The first night at Yuva we sat around a small campfire built in the dirt. A., our host, had wrapped potatoes in foil and threw them in the fire for cooking. Moments later, something small and crawling from out of the ground attacks the fire, spins away, paniced behind one of the stumps we’re sitting on.

“What was that?” someone asks. A. grapples with his unsteady English, trying to explain. “Is like, we call ‘akrep’. Dey like the tumors,” he says, pointing to the roasting foil treats.

“It looked like a giant potato bug,” I offer. “It had the same abdomen. Do you have potato bugs in Turkey, A.?”

“What dis, ‘potato bug’? Like dese, but bug?” He points to one of the potatos. “Maybe dis what you call akrep. I don’t know how you say.”

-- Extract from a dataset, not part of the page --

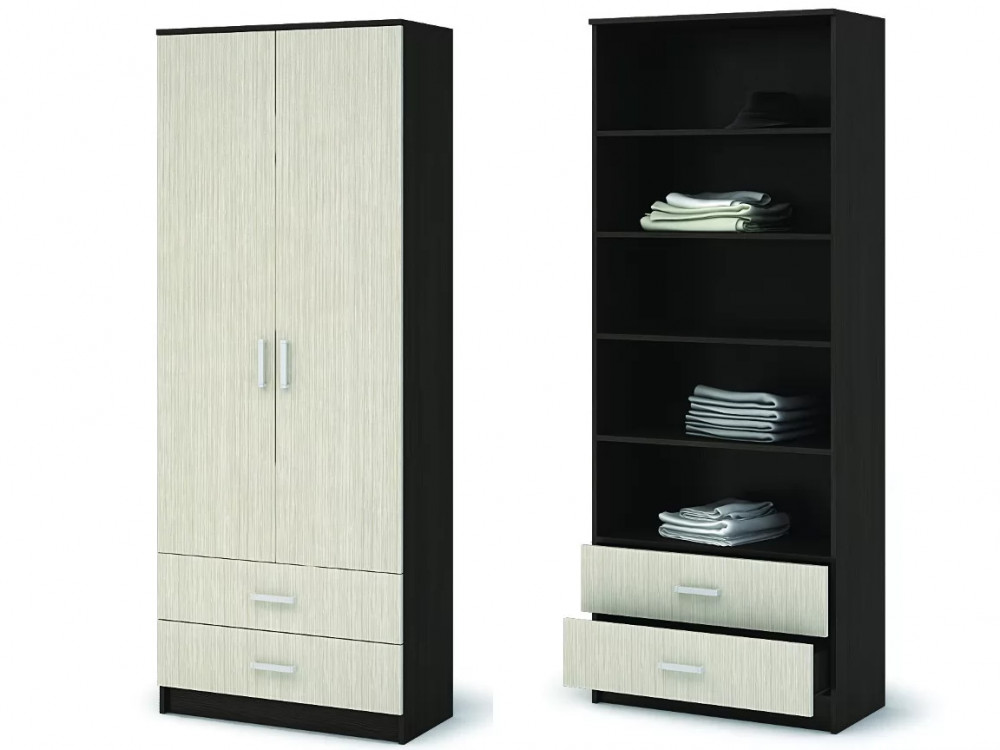 - Распашной шкаф с выдвижными ящиками и полками для хранения вещей

I turn to the Americans. “That’s funny – a Turkish potato bug after the potatos! Come here little guy, where’d you go?” I turn around and began searching for the creature I had seen emerge from the embers.

“Shannon, be careful… you don’t actually know what it is,” my mom says cautiously.

“Ah, come on — it’s a potato bug. I saw it in the firelight: it’s got that big abdomen and the creepy head and twiggy legs and…”

C., the British fiancé of Atilla, approaches as I’m hunched over the stump under which I last saw the bugger. “What are you looking at?” she inquires.

“This huge bug we saw. I think it’s a potato bug: he’s got the same body, really light skin, and –”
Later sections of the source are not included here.